Taxpayers incorporate their trade or business for various actual or perceived benefits; e.g., limited liability, continuity of life, fringe benefits, etc. However, when an accounting practice or other personal service business is incorporated, numerous tax provisions relating specifically to Personal Service Corporations are triggered. Eleven of these are discussed, below, nine of them distinctly unfavorable, such as flat tax rates, and limitation on deductions and taxable years. After an examination of these provisions, the impact of making an S election by personal service corporations is measured. While an S election reduces some of the adverse impact of being a personal service corporation, in most-cases it has no impact and, in at least one case, it exacerbates the problem!

A Calendar Year Requirement

Not unlike an S Corporation, personal service corporation must generally use a calendar year, absent a business purpose for using a fiscal year. [1] For this purpose, a personal service corporation is defined as:

"A corporation; the principal activity of which is the performance of personal services ... substantially performed by employee owners. [2]

In addition, employee-owners in the aggregate must own more than ten percent of the outstanding stock.

Such personal service corporations are also denied the automatic change in accounting period afforded most C Corporations. [3] An exception allows changing to a natural business year where less deferral of income to the owners result!

A Flat 35 Percent Tax

C Corporations are taxed at rates ranging from 15 to 39 percent until both the average and marginal tax rate reach a flat 35 percent at $18,333,333. [4] However, certain personal service corporations are taxed at a flat 35 percent from the first dollar without the benefit of lower rates; e.g., 15 percent of the first $50,000 of taxable income. [5] Corporations subject to the flat tax are "qualified

Personal service corporations" defined as follows:

"Any corporation...substantially all of the activities of which involve the performance of service in the fields of health, law, engineering, architecture accounting, actuarial science, performing arts, or consulting, and...substantially all of the stock...is held by...employees performing services..., ...retired employees who had performed such services for such corporation.

Exemption from the Accrual Method C Corporations, generally must use the accrual accounting method for tax purposes. [7] Corporations that do not exceed $5 million in gross receipts, based on a three year moving average, may use the cash method unless they keep inventories. [8] Qualified Personal Service Corporations may use the cash method of accounting, regardless of size. The definition of such corporations is the same as for the flat tax rate, [10] including the requirements that substantially all stock must be owned by employees performing services.

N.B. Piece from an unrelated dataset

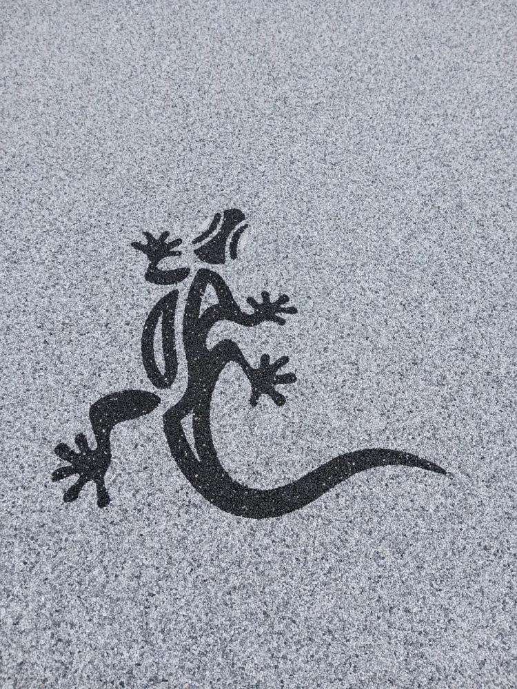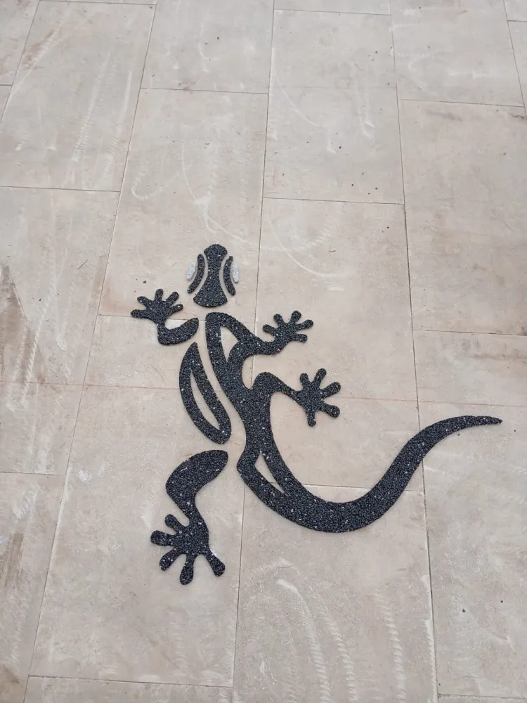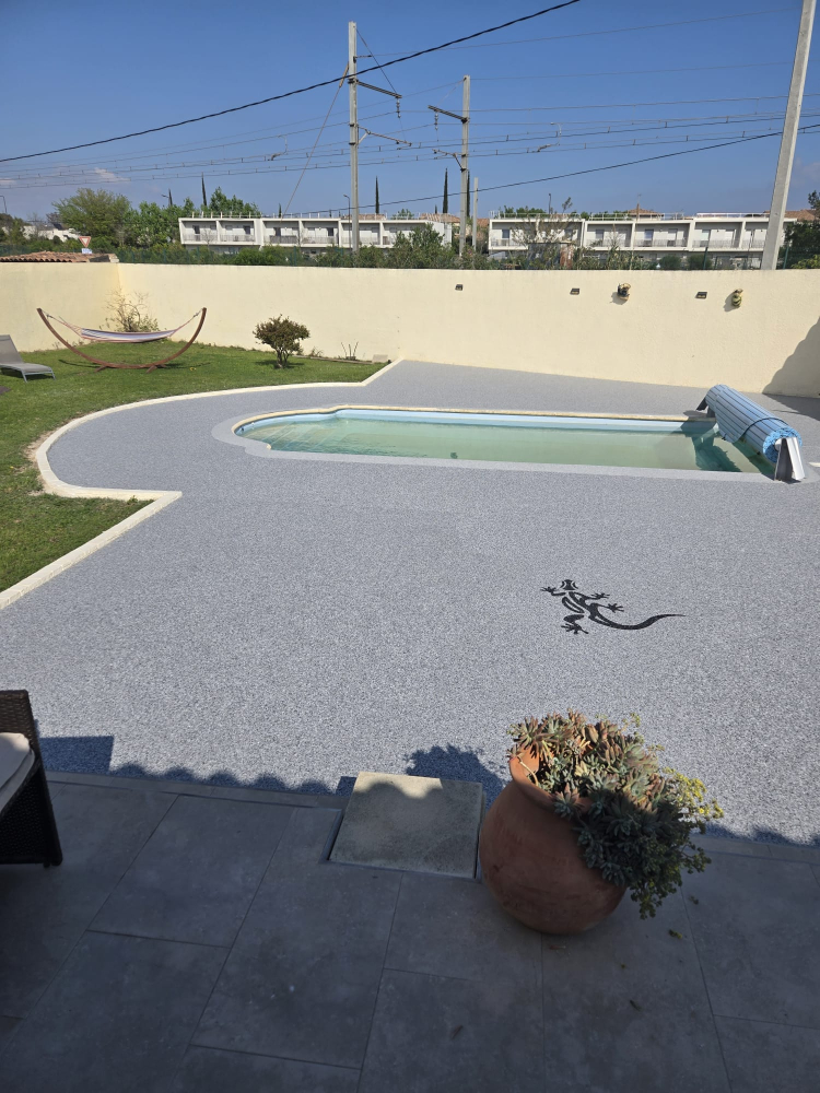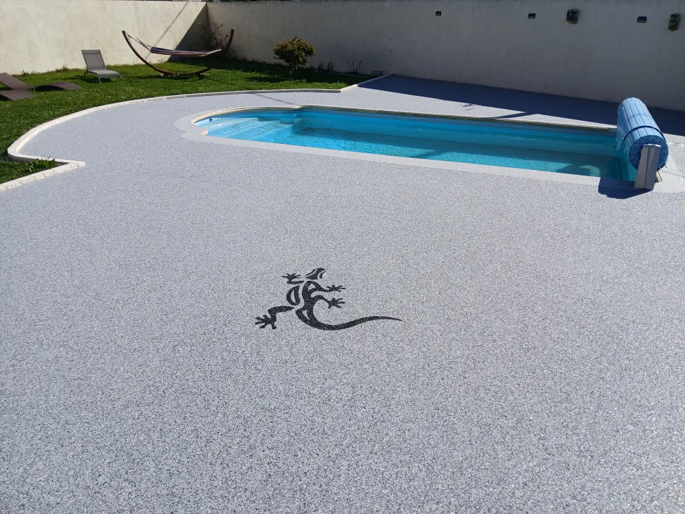 Votre entreprise de revêtement de sol en résine à Avignon Vaucluse-84, a réalisé la pose d’un tapis de pierre en granulats de marbre autour d'une piscine en procédant au ponçage et dépoussiérage, la pose de profilés en finissant par l'installation de la moquette de pierre de couleur gris clair avec une bande de couleur blanc autour de la piscine motif salamandre noir.

Matching of Income and Deductions: When a taxpayer makes a payment to a related party, no deduction is allowed until the payee reports the payment as gross income. [11] Related parties include a personal service corporation as defined under the calendar year, requirement and any employee-owner however small. [12] In the aggregate, employee-owners need merely own more than ten percent of the corporate stock.

Deduction Limitation on Amounts Paid to Employee-Owners

Personal Service Corporations with a Section 444 fiscal year election must defer deductions of front-ended payments to employee-owners. [13] This is done by requiring payments during the deferral period.

Example

John, a calendar year taxpayer, incorporates his accounting practice with a fiscal year ending August 31. If the pays himself $150,000 during the year ended August 31, he must pay himself at least $50,000 during the four month deferral peirod (September 1 - December 31). Or 4/12 of $150,000, to deduct $150,000 currently. If no payment is made during the deferral period, only 8/12 of $150,000, of $100,000 would be currently deductible.

The definition of a personal service corporation is the same as for matching income and deductions above. [14]

The Passive Loss Rules Apply

The passive loss rules apply to individuals, estates, trust, closely-held C Corporations and "any personal service corporation." [15] The definition of the latter is the same as for the calendar year requirement, including the overall ownership requirement of more than the percent. [16] Thus, passive losses may only offset passive income and not operating income that is generally allowed for C Corporations subject to the passive loss rules.

Reallocations in Tax Avoidance or Evasion Cases

Sometimes, all of the services of a personal service corporation are performed for another corporation partnership or entity. In such cases the IRS has broad powers to allocate, income, deductions, credits and other tax items between a personal service corporation and its employee-owners, but only to prevent fax avoidance or evasion of income tax or to clearly reflect the income" of the corporation or employee-owner. [17] A personal service corporation is defined as under the matching of income and dedutions and deduction limitation" rules with the employee owner needing to own more than ten percent of the outstanding stock. [18]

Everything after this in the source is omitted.